My children know the meaning of their names. They know that their names were chosen for them specifically, with love and intentionality.

A child’s name holds significance, cultural importance and value. Names personify and identify. They are deeply personal and a reminder of worth.

Names hold great significance to the Creator as well. Adam names the animals in Eden. God makes a covenant with Abram and renames him Abraham. God wrestles with Jacob and renames him Israel. An angel commands Mary to name her son Jesus, and later gives similar instructions to Joseph, “because he will save his people from their sins” (Matthew 1:21). In Isaiah 43:1 (NLT), God says, “I have called you by name.” We sing this truth, too: “He knows my name.”

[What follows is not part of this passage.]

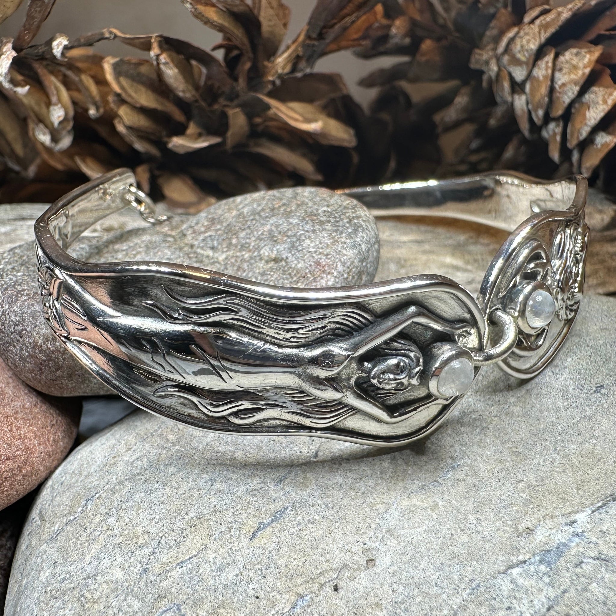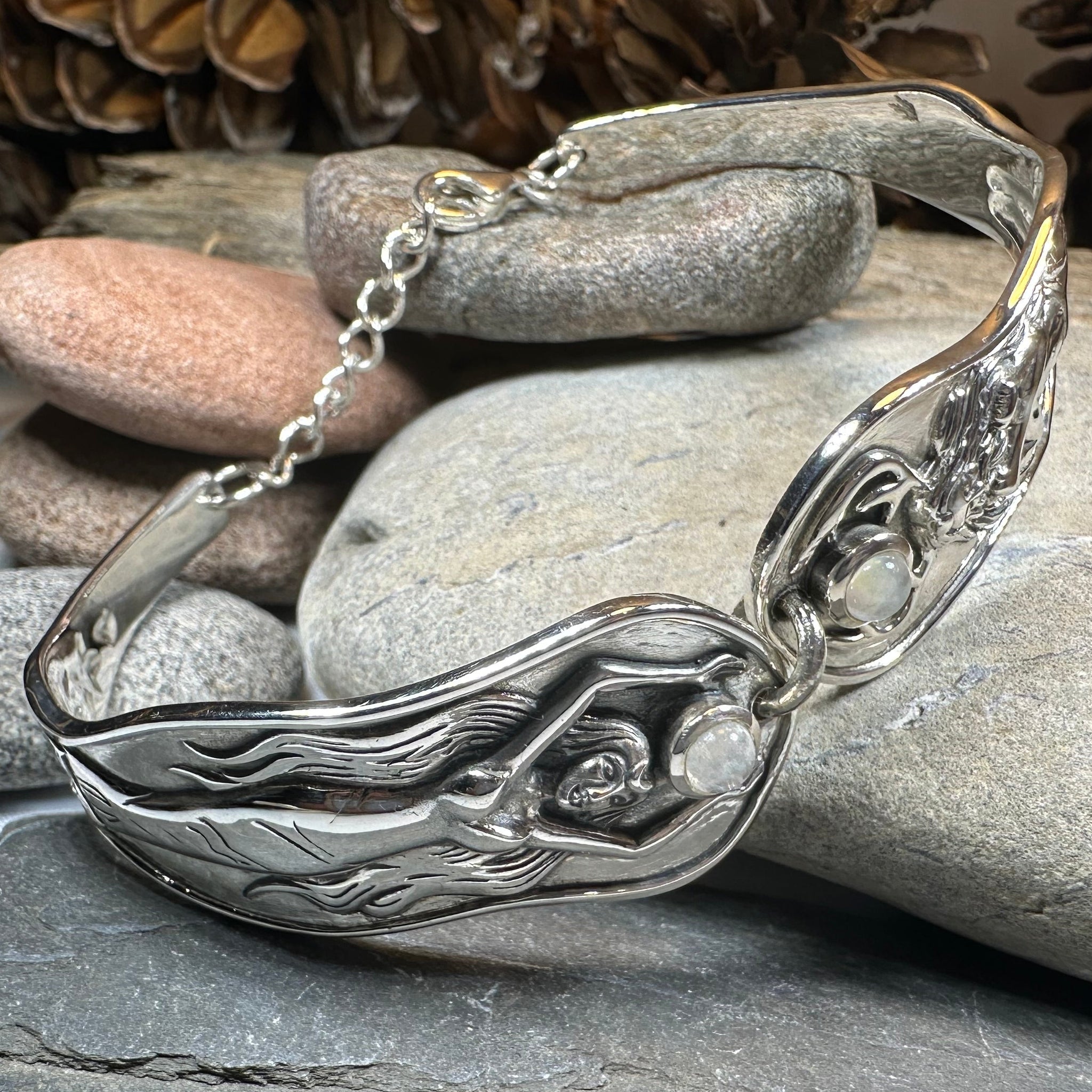 This wearable work of art celebrates mythological duality while the moonstone's gentle energy is believed to inspire intuition and inner wisdom.

Despite this, the moment Indigenous children set foot in an Indian residential school—frequently operated by a Christian church—the assault on their bodies and their identities often began with the stripping of their Indigenous names, replacing them with Euro-Christian ones.

What’s worse, each student was then assigned a number, which teachers would often use instead of a name. This dehumanizing behaviour is only a minute representation of the atrocities to which these Indigenous children were subjected. Indeed, an estimated one in 25 of them died within the walls of these Indian residential schools after being malnourished, neglected and abused.

It’s no wonder that the graves of these children, now being revealed by the hundreds in various locations across the country, are largely unmarked, the names of these children carelessly discarded just as their little bodies were.

This should not come as a surprise. Of the 4,400 children who were previously known to have died at Indian residential schools, a statistic recorded by the Truth and Reconciliation Commission (though the commission believed, even at the time of publication in 2015, that the number is much higher), one third were not named.

How can this be? It is possible that some of the records are simply missing or that graveyards have deteriorated over the years. Considering the general lack of dignity shown to Indigenous peoples, it’s just as likely that the children’s identities were lost because the government and schools simply didn’t record the students’ name before burying them. In some places, the lack of record-keeping was quite intentional for fear of criminal charges being laid.

Although we may seek to rationalize this in statements that the property was abandoned, or that record-keepers were ignorantly negligent, the fact is that many children died without their parents and families being informed or being allowed to properly bury them in their home communities.

Haudenosaunee author Alicia Elliott, writing for Maclean’s magazine, reminds us that “the children whose tiny bodies have been unearthed on the grounds of Indian residential schools across the country in recent weeks had names and nations and communities. They had families who ached for their return, who asked after them and were deliberately told nothing.”

Sadly, the names of all the Indigenous children left in unmarked graves may never be known, but their lives have been grieved since the moment they were forced from their homes to attend Indian residential schools.

In recent months, it seems that non-Indigenous Canadians are finally listening to the narrative Elders and Indigenous communities have been telling for years. Through the wearing of orange shirts, the colouring of artistic eagle feathers, the placing of small pairs of shoes along stairways and lantern-lit pathways, in conversations shared and stories learned, in lamenting hearts and acts of justice, we are remembering the thousands of children we had previously ignored.

In these ways we offer our confession, learn about our responsibility and what it means to walk gently with one another in right relations, and commit to overcoming injustice and doing better.

May we never forget again.

Captain Laura Van Schaick is the divisional secretary for women’s ministries in the Ontario Division.